◆ **PROBLEM TO SOLVE**
Please reproduce the listing in its entirety, exactly as written, but without images.

◆ **STORED DATA**
__________________________________________________

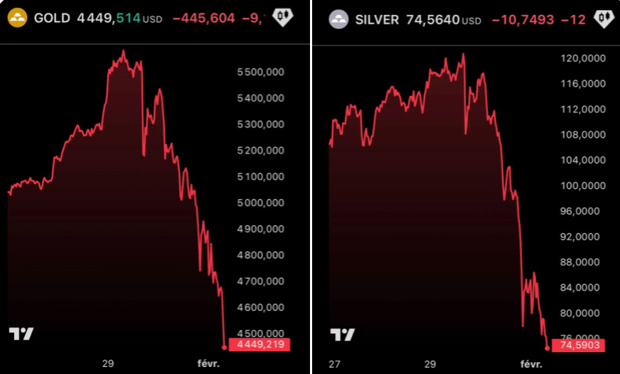 OR/ARGENT : Vendredi l’argent s’effondre de -34%, sa pire journée depuis 1921 tandis que l’Or efface 1.000 milliards de capitalisation
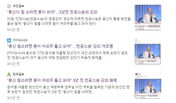 <뉴시스> 는 21일 오전 <"용산이 힘을 쓰려면 용이 여의주 들고와야"... '천공스승' 3년전 강의 SNS 달궈>라는 기사를 올렸다. 뉴시스>
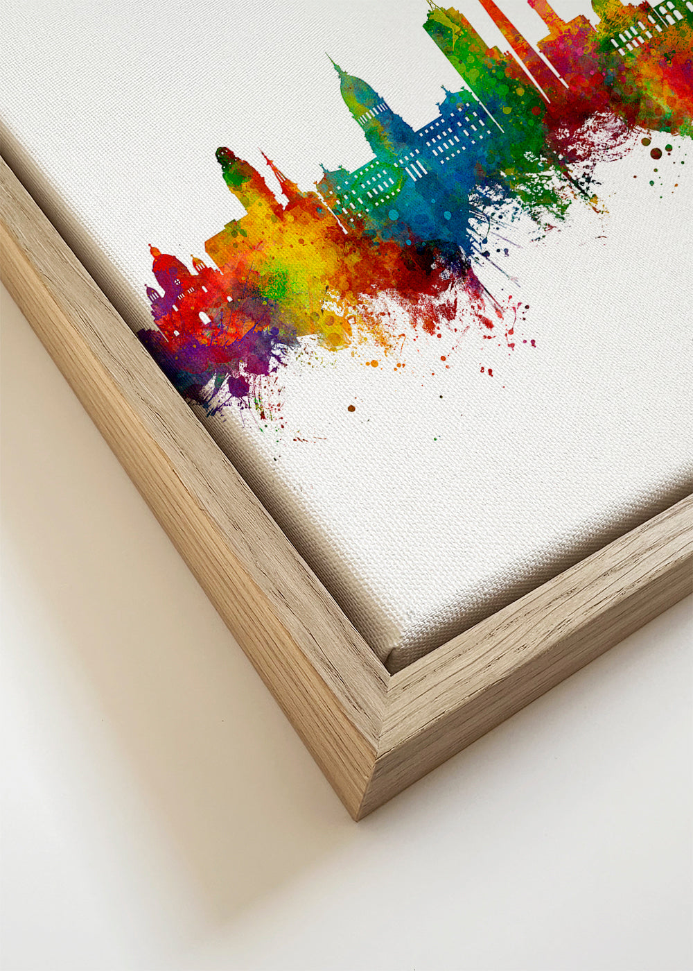 A piece from the skylines canvas series, from the Michael Tompsett collection, with multicolor tones, and facing horizontally. Combine skylines, photos and city maps to create a composition for those with wanderlust. Add a bit of art to your home decor.
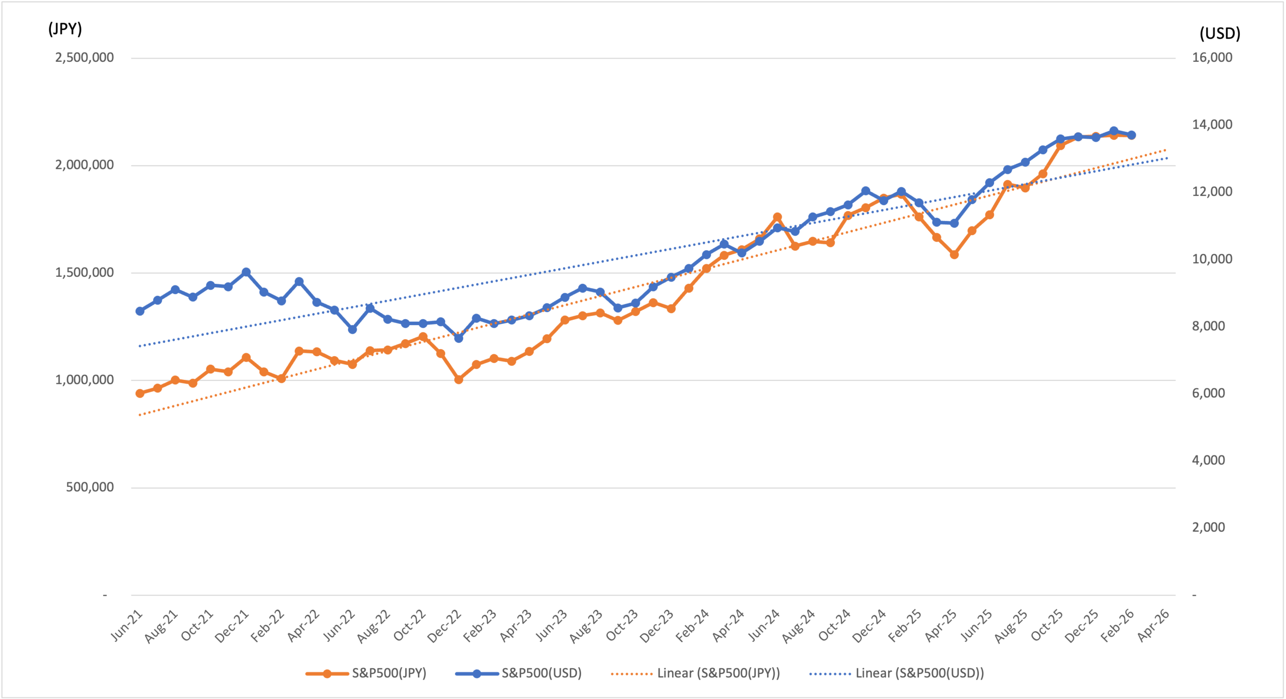- S&P500資産(US$) 2026年の平均月利:0.3%

__________________________________________________

◆ **RESPONSE TO THE TASK**
 OR/ARGENT : Vendredi l’argent s’effondre de -34%, sa pire journée depuis 1921 tandis que l’Or efface 1.000 milliards de capitalisation
 <뉴시스> 는 21일 오전 <"용산이 힘을 쓰려면 용이 여의주 들고와야"... '천공스승' 3년전 강의 SNS 달궈>라는 기사를 올렸다. 뉴시스>
 A piece from the skylines canvas series, from the Michael Tompsett collection, with multicolor tones, and facing horizontally. Combine skylines, photos and city maps to create a composition for those with wanderlust. Add a bit of art to your home decor.
- S&P500資産(US$) 2026年の平均月利:0.3%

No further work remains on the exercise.